Il n’existe pas de conception globale sur le type d’institutions qui seraient nécessaires
à l’échelle planétaire, sur leur mode de fonctionnement ou sur les relations qu’elles
devraient avoir les unes avec les autres. Alors qu’on dispose de théories complexes
sur les principes de justice que doivent mettre en œuvre les institutions de l’Étatnation et sur les droits et les devoirs du citoyen face à ces institutions, personne ne
peut prétendre avoir une idée claire des principes de justice, des normes démocratiques ou des types d’allégeance souhaitables dans le cas des institutions internationales
qui exercent, pourtant, une influence de plus en plus grande sur la vie de chacun.
Il est donc nécessaire d’adapter nos conceptions de la citoyenneté démocratique de manière à les étendre à ces institutions
[12]. Au risque de simplifier à l’excès,
on peut imaginer pour ce faire deux stratégies. La première serait de construire une
forme authentiquement transnationale de démocratie, c’est-à-dire de créer des
parlements élus au niveau international qui auraient sur ces institutions un pouvoir
de contrôle ; la seconde serait d’accroître leur responsabilité – indirecte, certes –
devant les communautés politiques nationales.
Les parlements transnationaux
De même que les assemblées démocratiquement élues au niveau national contrôlent
des institutions nationales de régulation comme la Banque centrale, ainsi des
assemblées internationales, démocratiquement élues, auraient compétence pour
contrôler des institutions de régulation internationales telles que l’OMC.
Le projet d’un Parlement mondial restera longtemps une utopie.
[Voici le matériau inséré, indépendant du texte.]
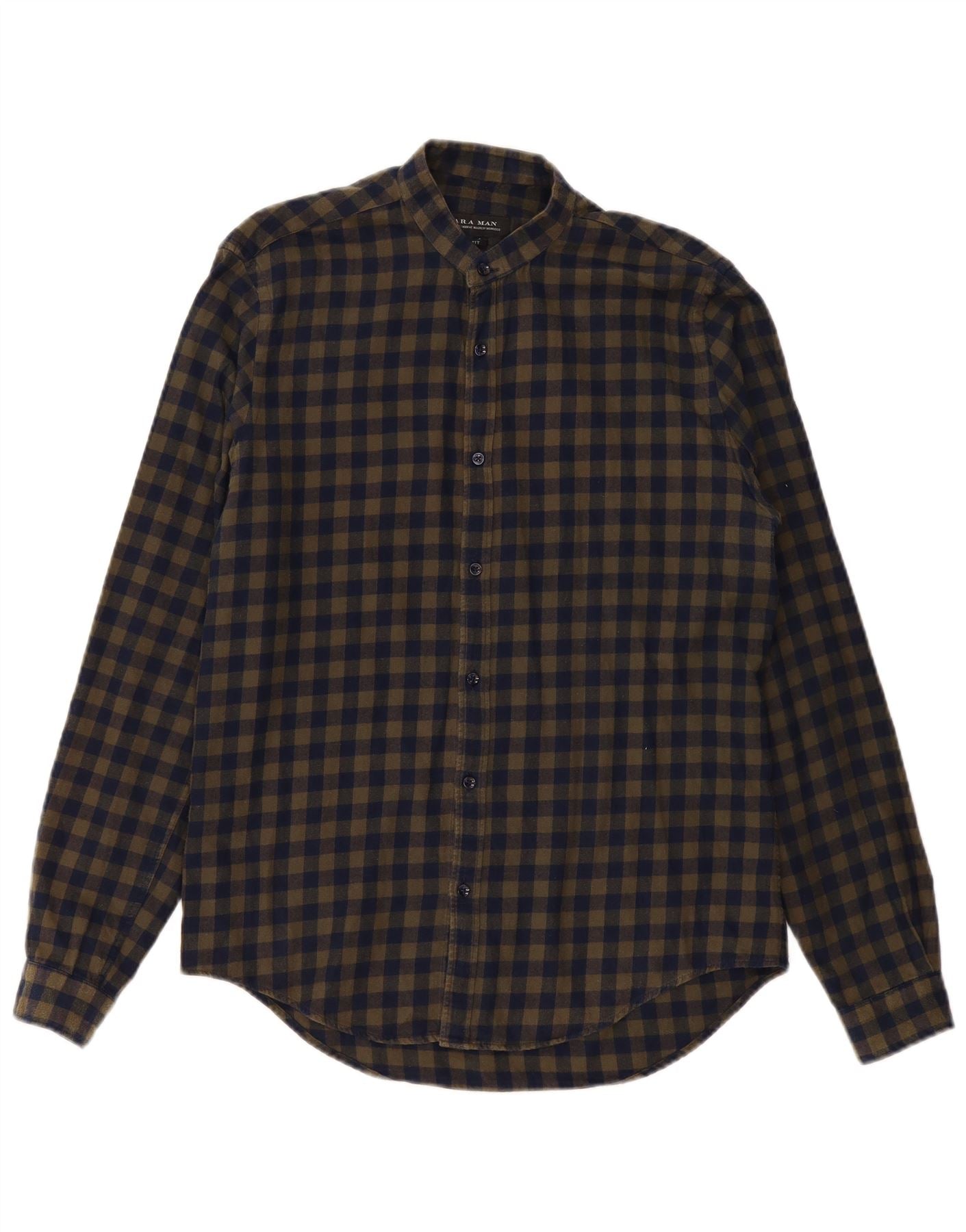 Męska koszula flanelowa ZARA slim fit, średnia khaki w kratkę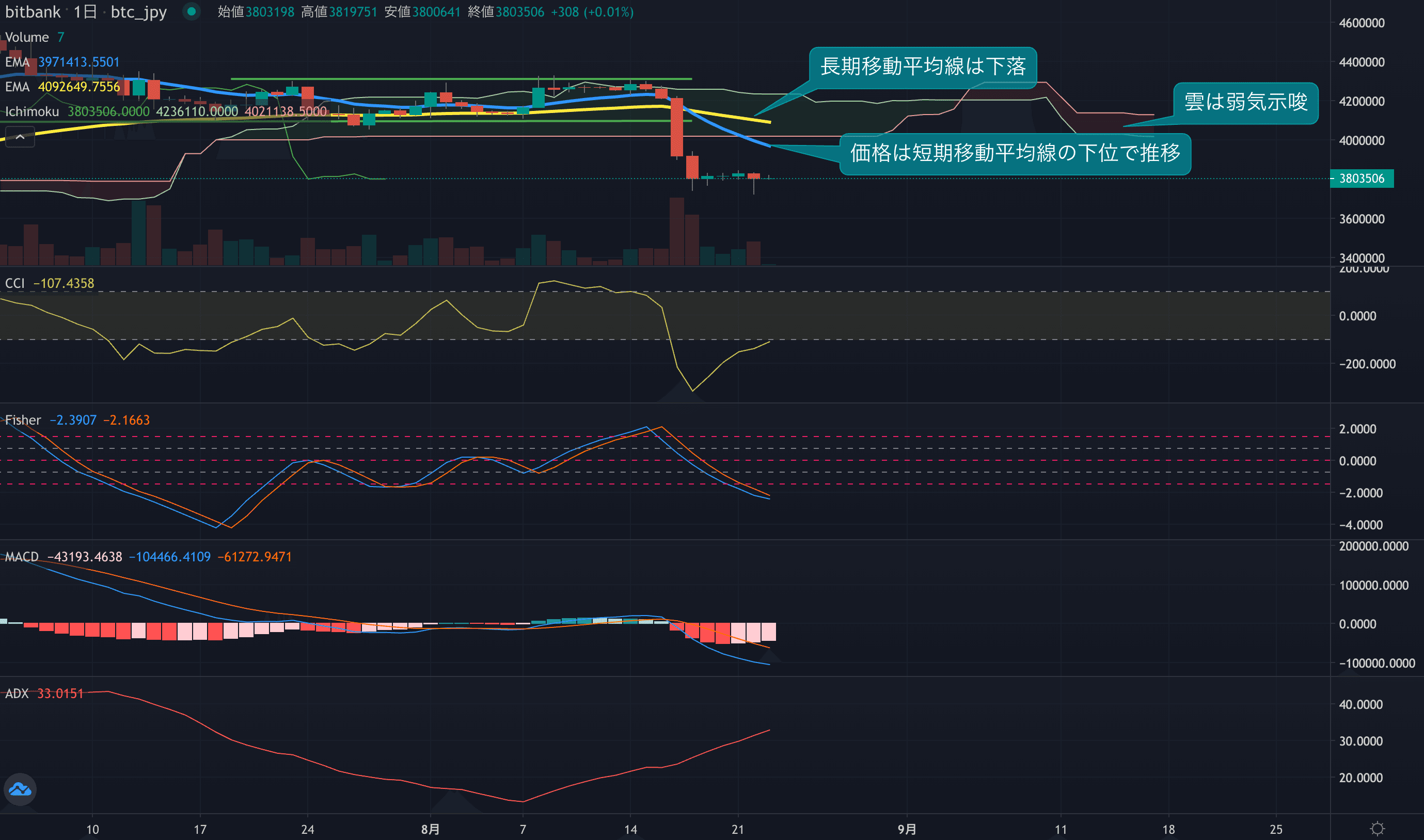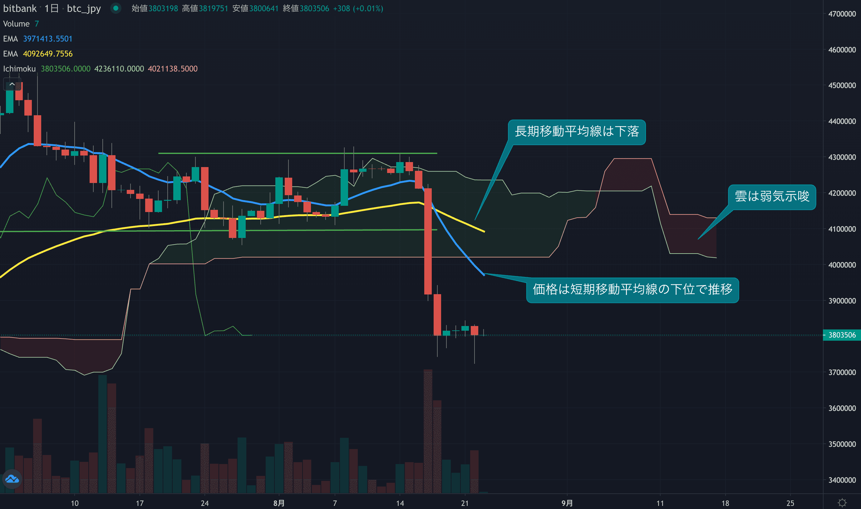 一時的に価格は足元の安値を更新、372万円まで下落する場面も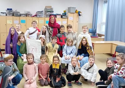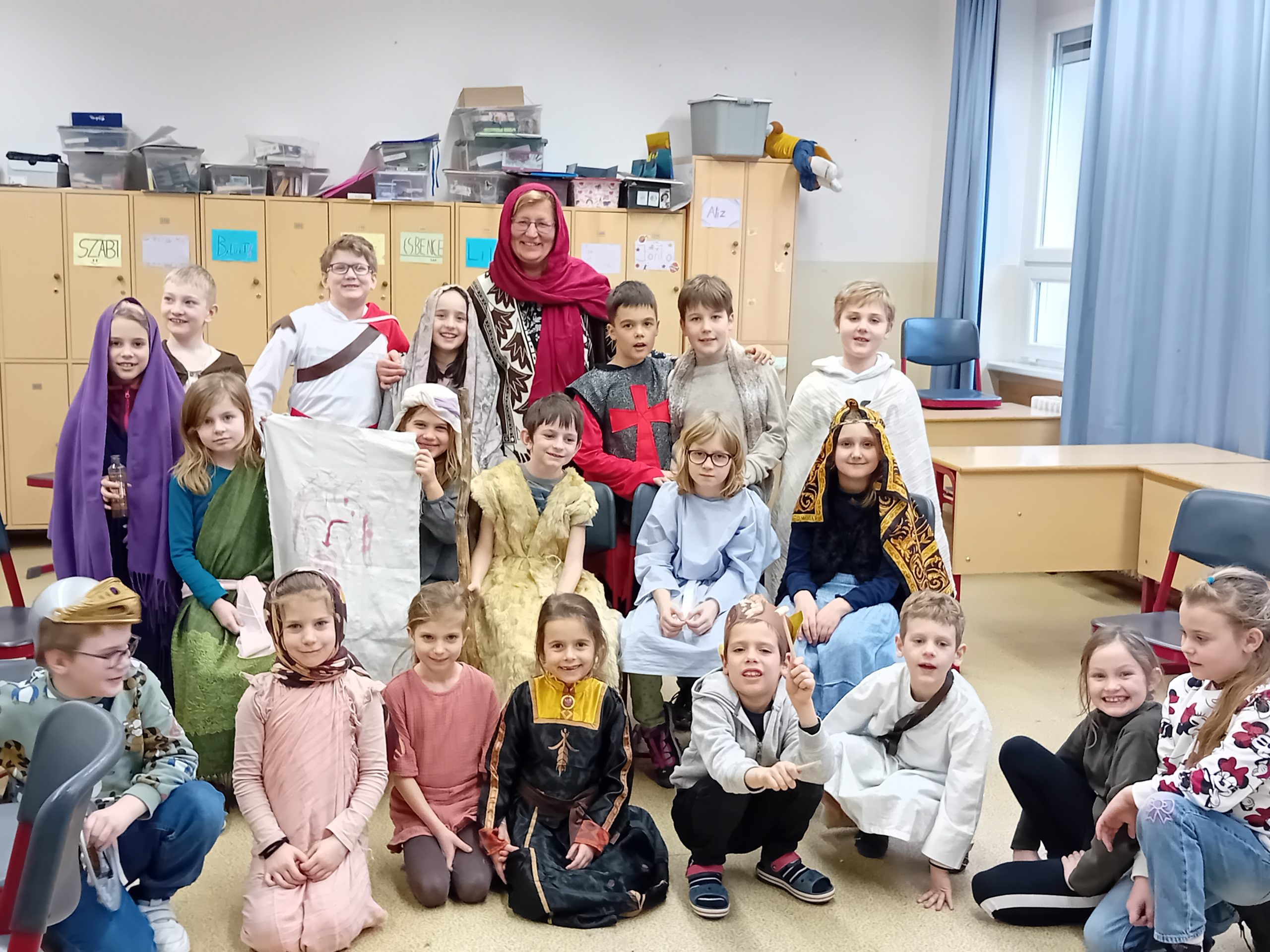 Mind a hat csoportban sokféle megoldás született a jelmezek vagy apró jelképek bemutatására. Nagy segítség volt a szülők támogatás a felkészülésben. Veronika kendője, Keresztelő János szőrruhája, katonai jelmezek, samariai asszony kőkorsója és számtalan szép megoldásban gyönyörködtünk együtt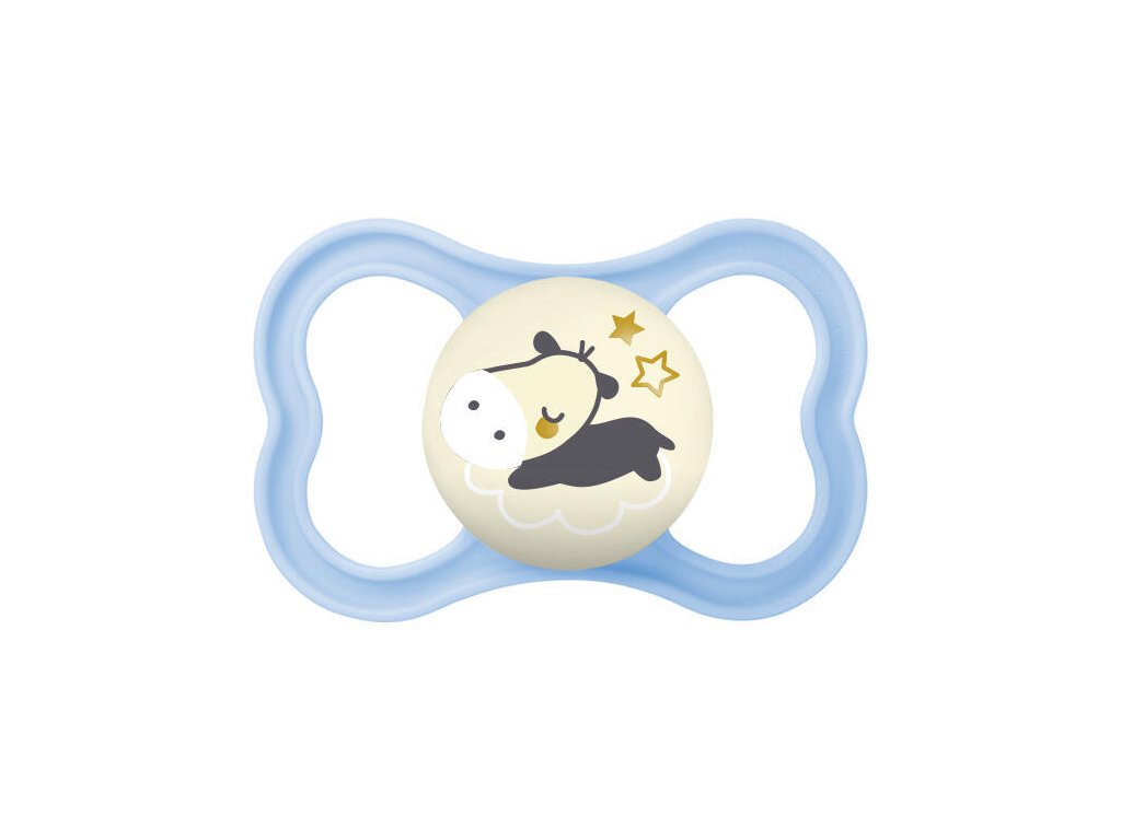 Svítící dudlík s extra velkými větracími otvory pro lepší proudění vzduchu kolem úst MAM Air Night 6+ je velmi šetrný k dětské pokožce díky extra velkým větracím otvorům v límci dudlíku, které umožňují lepší proudění vzduchu kolem úst a tím pomáhají zmenšit podráždění pokožky. Dudlíky MAM Air Night jsou speciálně vyvinuty pro noční použití – knoflík dudlíku ve tmě svítí, takže ho rodiče i děti mohou snadno nalézt i v noci. Ortodontické dudlíky MAM jsou vyvíjeny v úzké spolupráci s předními lékařskými odborníky pro zdravý vývoj zubů a dásní. Plochá symetrická savička z vysoce kvalitního silikonu napodobuje maminčin prs při kojení a podporuje tak přirozený sací reflex. Navíc vždy správně padne do dětských úst. 94 % miminek přijímá silikonovou savičku MAM SkinSoft™, která je jemná jako dětská pokožka (průzkum trhu 2010–2019, testováno 1 463 dětmi v 6 zemích). Díky knoflíku lze dudlík snadno a rychle uchopit a rovněž jednoduše připevnit k pásku. Všechny produkty MAM jsou vyrobeny z materiálů neobsahujících BPA a BPS.Doplňkové parametry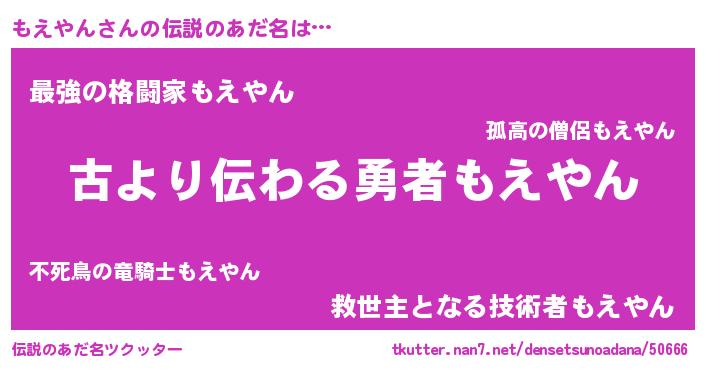 | 男性向けラノベタイトル風あだ名 | 『もえやんに滅ぼされるだけの簡単なお仕事です』 |

Il existe encore
en effet de nombreux pays dont les gouvernements ne sont même pas issus de
consultations démocratiques et qui n’ont donc aucun intérêt à envisager sur leur
propre sol la possibilité d’une élection démocratique pour quelque raison que ce
soit. En revanche, beaucoup pensent que la chose est envisageable dans le cadre
de la régionalisation, pour des zones comme l’Union européenne ou l’Amérique
du Nord, où tous les pays sont démocratiques et où l’interdépendance économique et le partage des valeurs politiques sont bien établis. Le Parlement européen
en est une forme d’ébauche.
Cette possibilité n’est pas complètement dépourvue d’attrait. Mais il est frappant
de constater qu’elle ne rencontre pratiquement aucun écho auprès de l’opinion
publique, alors même que de nombreux avocats de la citoyenneté « transnationale »
en font l’éloge. En Amérique du Nord, l’éventualité de mettre en place un Parlement
qui prendrait des décisions concernant les institutions de l’Alena, par exemple, est
purement et simplement absente des esprits. Aucun parti, aucun mouvement social,
dans aucun des trois pays de l’Alena, ne s’en fait le héraut.
Dans l’Union européenne, en revanche, l’idée est bien là, mais elle ne suscite
pas un grand enthousiasme. Les élections du Parlement européen au suffrage
direct ne mobilisent guère les citoyens, alors qu’elles étaient supposées promouvoir
la « démocratisation » de l’Union selon une évolution analogue à celle que les États
membres avaient connue au siècle dernier. Mais, dans le cas de ces États, la démocratisation était aussi le résultat du long combat qu’avaient mené certaines catégories sociales pour acquérir le droit de vote qui leur était refusé, et que les élites
dirigeantes ne leur avaient d’ailleurs accordé que contraintes et forcées. L’élection
au suffrage direct du Parlement européen n’est pas l’expression d’un droit obtenu
de haute lutte mais découle au contraire du désir des élites de parer l’Union d’une
légitimité démocratique reconnue à l’occasion d’une élection qui n’a jamais été
demandée
[13]. Les sondages d’opinion montrent régulièrement que les citoyens des
pays de l’Union persistent à considérer leurs députés et leurs gouvernements
nationaux (et non leurs représentants au Parlement européen) comme les personnes
les plus à même de défendre leurs intérêts, y compris sur des questions communautaires. Si des citoyens français sont en désaccord avec la politique agricole de
l’Union, par exemple, c’est auprès de leur gouvernement qu’ils protesteront et
non auprès de leurs députés européens.
Comment expliquer les positions négatives en Amérique du Nord, l’indifférence en Europe et les réactions encore plus tranchées dans le reste du monde que
suscite l’idée d’une démocratie transnationale ?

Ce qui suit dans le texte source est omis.